HUB HOLDS RALLY TO SAVE OBAMACARE.
Warren decries ‘repeal-and-run’
Thousands converged on Faneuil Hall for a rally led by the state’s top Democrats vowing to stop the abolition of Obamacare.
U.S. Sen. Elizabeth Warren, leading the anti-Republican charge, boomed across the crowded cobblestones that after President Obama signed the Affordable Care Act into law in 2010, GOP leaders “whined” and “called names.”
“But there’s one thing they never did, and that is lift a single finger to make health care better,” Warren said, echoing a common complaint among yesterday’s speakers that Republicans haven’t produced an alternative plan.

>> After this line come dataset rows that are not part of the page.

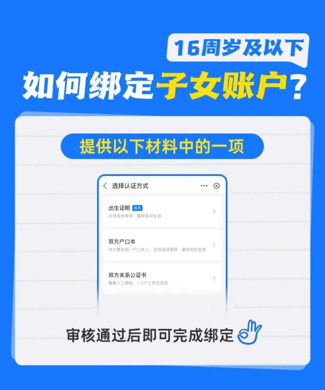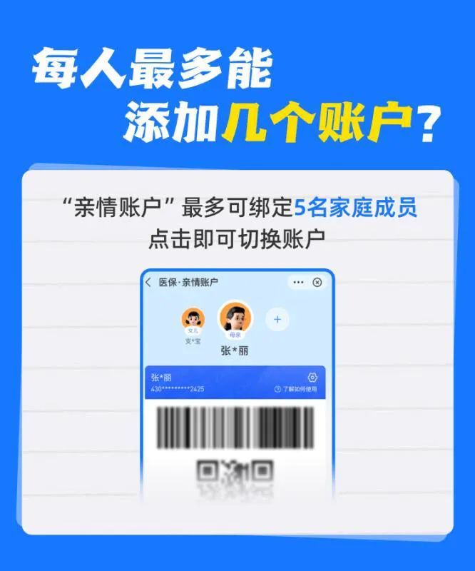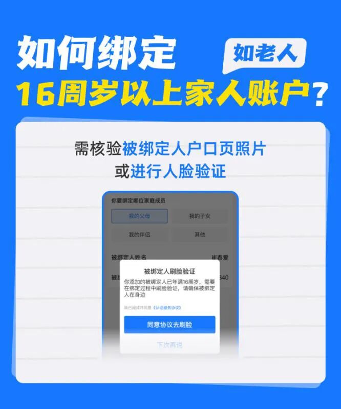 当被绑定家人为16周岁以上(如老人)时,需核验被绑定人户口页或进行人脸认证。“亲情账户”最多可绑定5名家庭成员。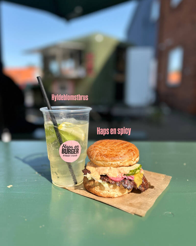 Kom og haps en burger i vores hyggelige ude område eller tag den med to go Vi glæder os til og se dig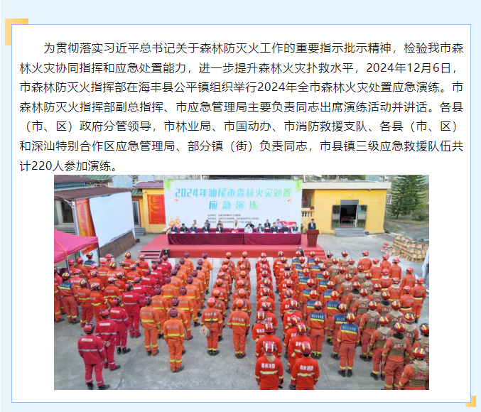 汕尾市森林防滅火指揮部組織開展2024年全市森林火災(zāi)處置應(yīng)急演練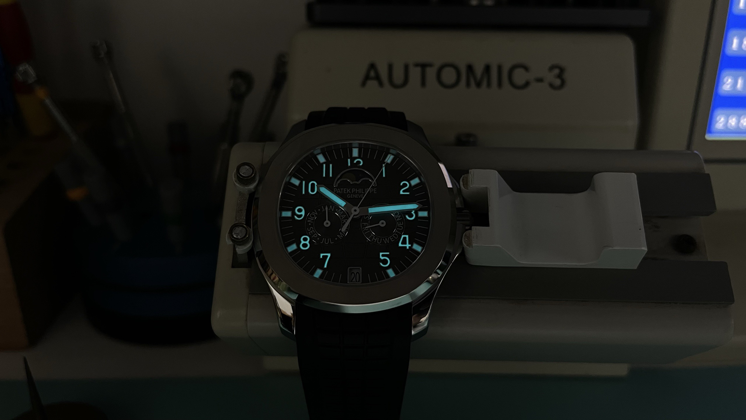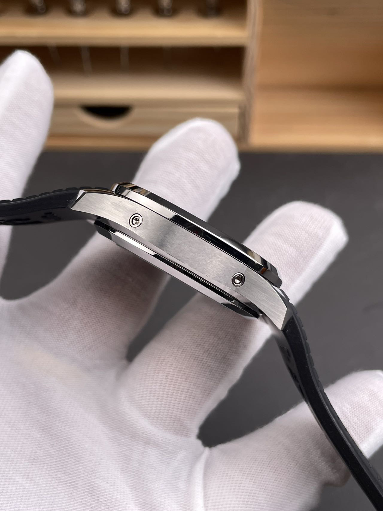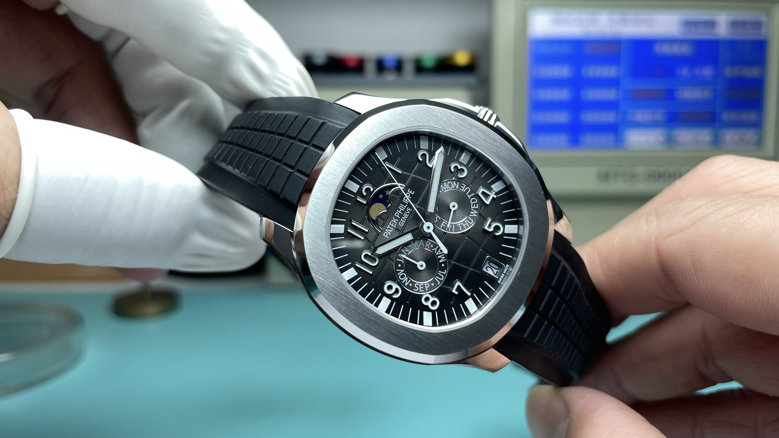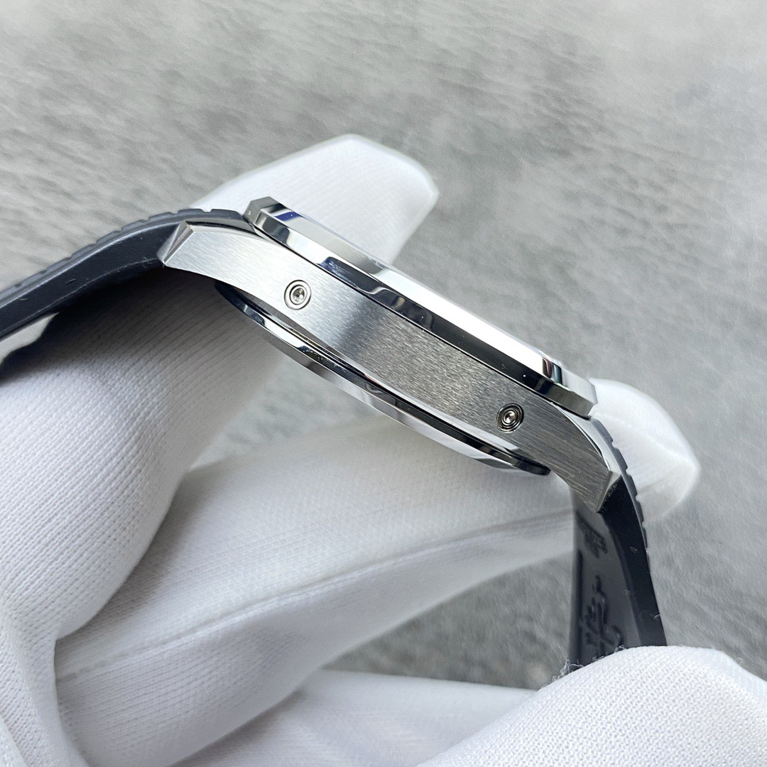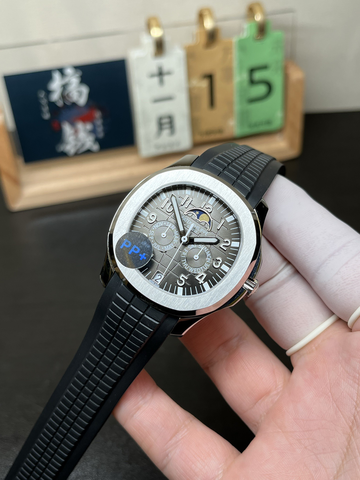 The case and bezel adopt the iconic circular octagonal shape, combined with contrasting polishing and satin processing. The gray blue dial and strap are adorned with Aquanaut relief patterns, Arabic lettering blocks, and Barton style hands, all coated with white fluorescent coating, making it easy to read at a glance. Identify the quality of PPF factory, one meter, one card, three codes in one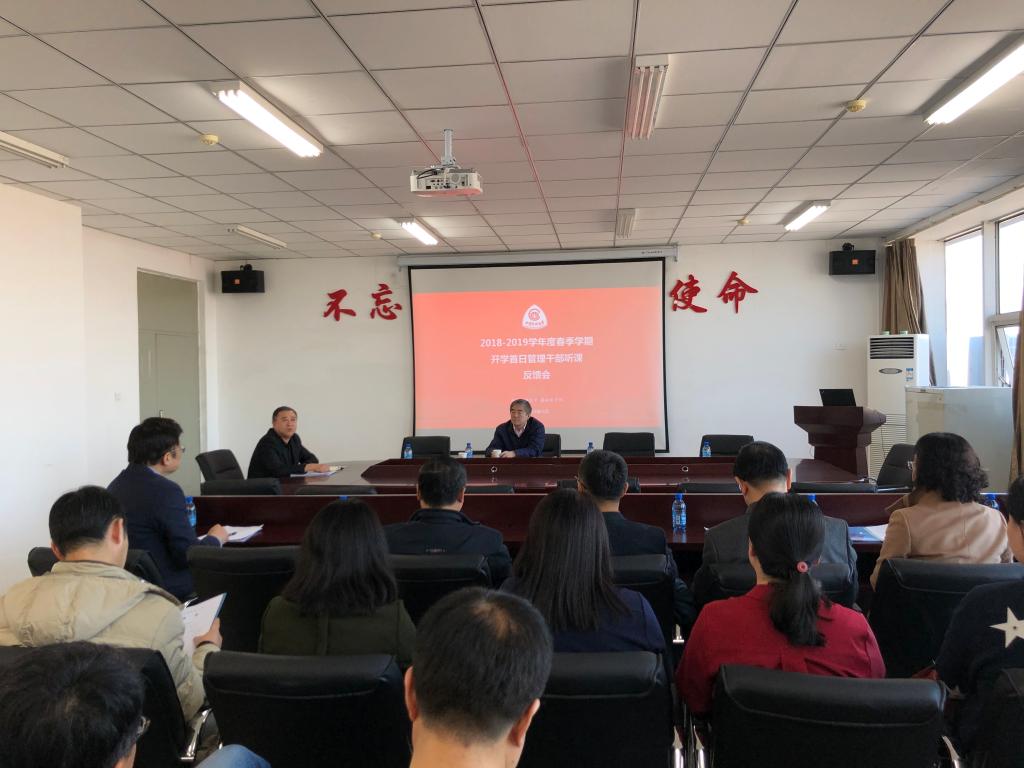 2月25日基础医学院2018-2019学年度春季学期开学首日听课反馈会在基础医学院C座五楼大会议室举行。于晓松副校长、管理干部听课代表田伟、李冲、刘强、计晓月、唐漫、许东阳、陈再兴、张阳,以及学院曹流院长、田江宜书记、李庆昌副书记、各教研室主任、教学秘书、教师代表及学院机关全体人员参加本次了会议。会议由李庆昌副书记主持。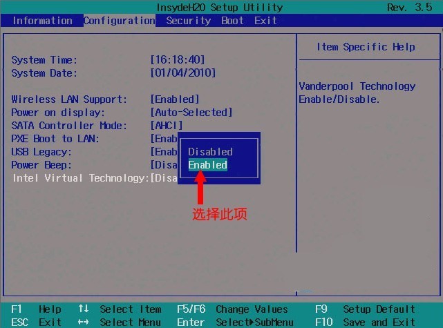 2、将光标挪动至 Enabled 处,并按下回车肯定,设置完成后,按下 F10 ,在弹出的提醒当选择 Yes,保留设置并加入 BIOS 设置。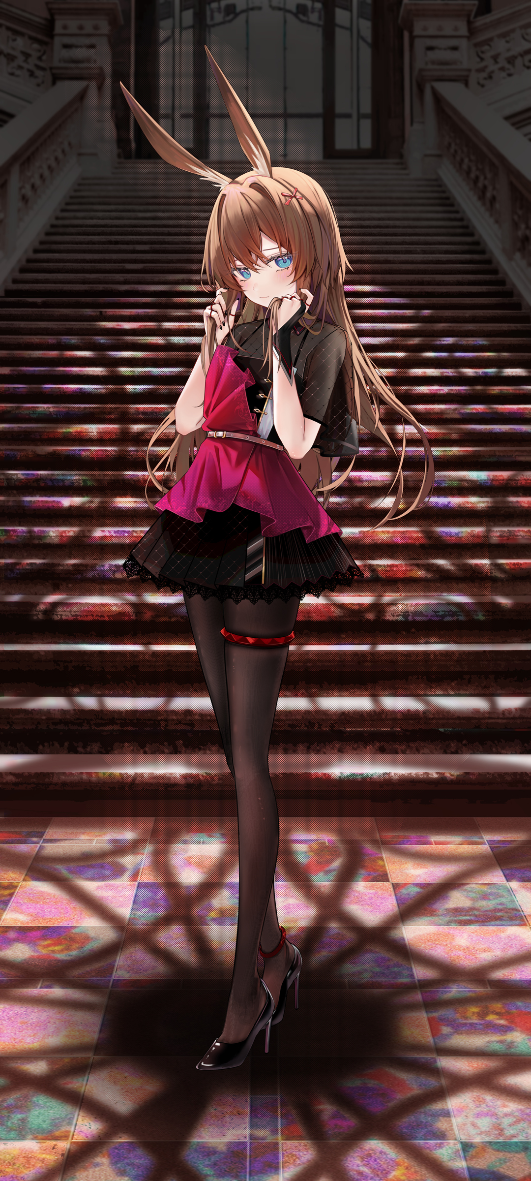 动漫女孩 兔耳朵 黑色裙子 黑丝长裤袜 壁纸

“And now they want to repeal and run,” Warren said to cheers. “That’s right, repeal and run. I think repeal-and-run is for cowards. ... If Republicans try and rip health care out of the hands of millions of Americans, we will fight them every step of the way.”
The “Our First Stand: Save Health Care” rally is one of many Democrats including Vermont presidential also-ran U.S. Sen. Bernie Sanders have been organizing. They say if Obamacare is repealed, people with pre-existing conditions could be denied coverage, seniors may be forced to pay more for prescription drugs and opioid addicts could be denied treatment.
Looking out as far as City Hall Plaza at signs like, “Care Not Chaos” and “This Shrink Thinks Repeal Stinks,” Mayor Martin J. Walsh stoked the crowd by telling them Presidentelect Donald Trump and the Republican-controlled House and Senate want to trash legislation that has made health insurance a right, not a privilege, “like it never happened in the first place.”
“Congress may be turning their backs on millions and millions and millions of people, but here in Boston, we will never turn our backs on people,” Walsh promised.
One of the event’s most moving moments came from Janis McGrory, a Harwich High math teacher whose 23-year-old daughter, Elizabeth “Liz” LeFort, a former National Honor Society and dean’s list student, died in 2011 from an accidental heroin overdose.
“We are losing over 50,000 people a day to accidental overdoses (nationwide),” McGrory said. “Every day in Massachusetts, five mothers get a knock on the door or a phone call informing them of the loss of their child. It makes me so angry. How can the politicians turn their backs on those desperately trying to get help and lead productive lives?
“To think that our leaders in Washington think this is the right thing to do is unconscionable. It is wrong, plain and simple.”